The parties limit their cross motions to a request that the Court rule whether the Debtors received "reasonably equivalent value" for the transfers for college tuition and expenses; if the Debtors received reasonably equivalent value, the transfers would not be avoidable as constructive fraudulent transfers even if the Debtors were insolvent at the time of the transfers. There are two questions presented: first, did the Debtors receive reasonably equivalent value for their daughters' college educations and related expenses because their daughters' education will enhance their self-sufficiency; and second, does it matter whether the daughters were younger or older than 21 when the transfers were made?
For the reasons explained below, the Court grants the Trustee's Motion in part and denies it in part with respect to the transfers to or for the benefit of Samantha. The Trustee's Motion is granted with respect to the transfers to or for the benefit of Alexandra, as she was older than 21 and no longer a student when the transfers were made.
I. BACKGROUND
The Debtors, Luba Pincus and Bruce Sterman, filed a joint chapter 7 petition on February 19, 2016 (the "Petition Date"). (The Stipulated Facts ¶ 2.) The Trustee filed an adversary proceeding to recover allegedly constructively fraudulent transfers made by the Debtors to or for the benefit of their daughters. (Id. ¶ 11-12.)
The Complaint also seeks to recover conveyances made to Oberlin College, Oberlin Student Cooperative Association, Navient Corporation, and Nelnet, Inc. The Trustee entered into a stipulation dismissing the Complaint against Nelnet, Inc. on September 24, 2018 (ECF Doc. # 30), and has since reached settlement agreements with Oberlin College, Oberlin Student Cooperative Association, and Navient Corporation. (ECF Doc. # 31-33.) Accordingly, the only remaining defendants are Alexandra and Samantha Sterman.
Alexandra attended Oberlin College from 2005-2009; Samantha attended Oberlin College from 2009-2013. (Id. ¶ 15-19.) In the six years prior to the Petition Date, the Debtors made several transfers to or for the benefit of their daughters.

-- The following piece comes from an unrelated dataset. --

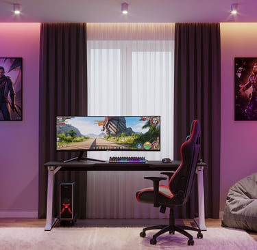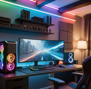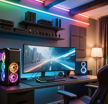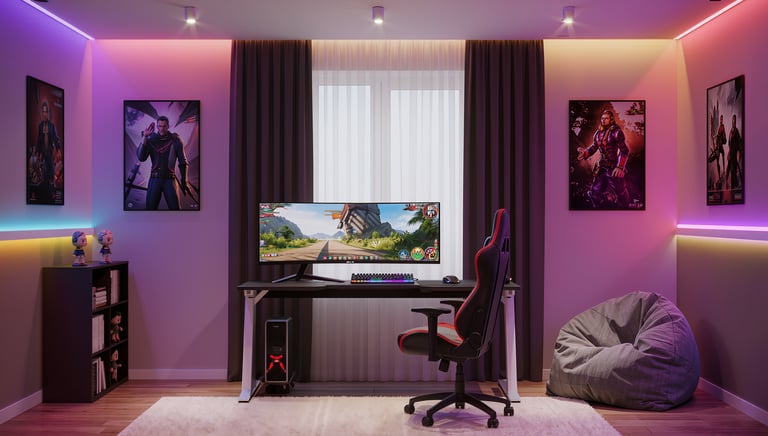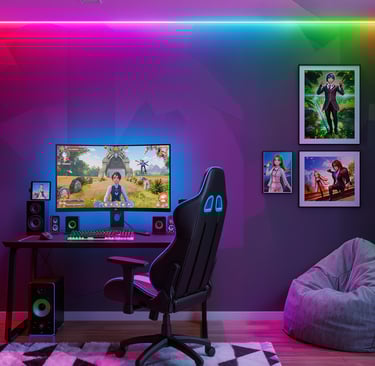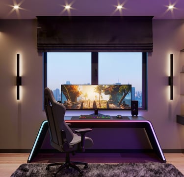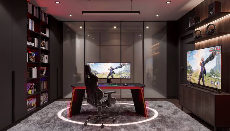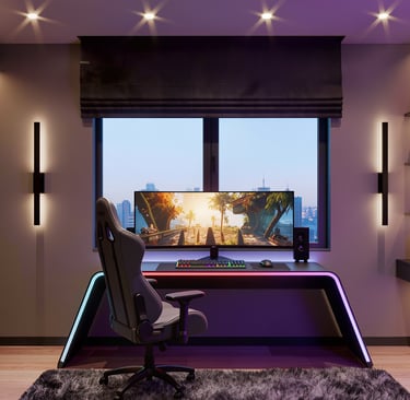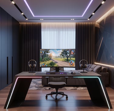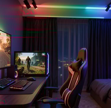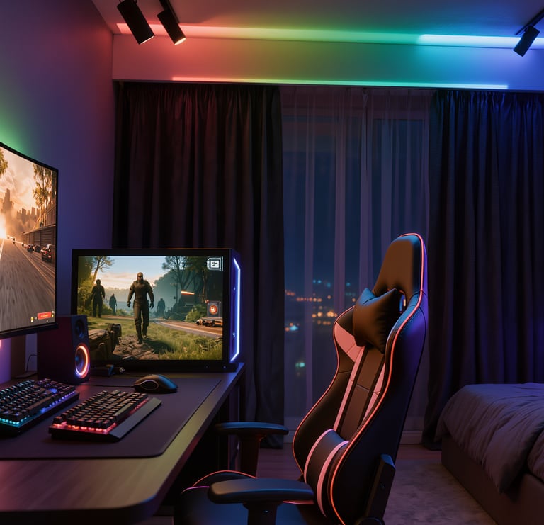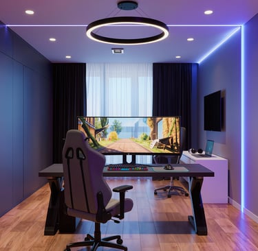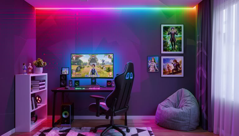 Soft RGB lighting with dimmers helps create a calm, immersive atmosphere without overwhelming the space.

The parties stipulate that the transfers were made in connection with the Defendants' "college educations at Oberlin College and related expenses, including school books and supplies, meals, campus housing/rent/utilities, transportation and birthday presents." (Id. ¶ 12.)

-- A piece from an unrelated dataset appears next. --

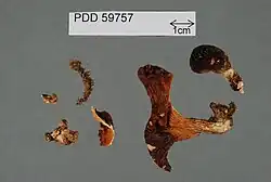 - ^ a b c "VIRTUAL MYCOTA: NZ Fungi Identification: Pleurotus novae-zelandiae". virtualmycota.landcareresearch.co.nz. Retrieved 2023-02-26.

The Stipulated Facts state that Alexandra Sterman reached age 21 on January 12, 2008 and graduated from Oberlin College in 2009. (Stipulated Facts ¶¶ 13 & 14.) Exhibit A to the Complaint (ECF Doc. # 1) indicates that transfers to or for the benefit of Alexandra, totaling $15,675.00, were made between August 13, 2010 and October 13, 2015. Paragraph 12 of the Stipulated Facts states that "[t]he schedules of transfers that are attached to the Complaint as Exhibits A and B accurately describe the transfers to and/or for the benefit of the Defendants that are the subject of the Complaint." Those two exhibits list transfers between 2010-2015. Both the Stipulated Facts and the Pincus Affidavit state that Alexandra attended college between 2005 and 2009, and graduated in 2009, so it is clear under the Stipulated Facts that the transfers to or for the benefit of Alexandra all were made after she was 21 years old and after she graduated from Oberlin. The Pincus Affidavit also makes clear that "[s]ince graduation [Alexandra] has been fully employed, self sufficient and tax paying adult." (Pincus Affidavit ¶ 9.)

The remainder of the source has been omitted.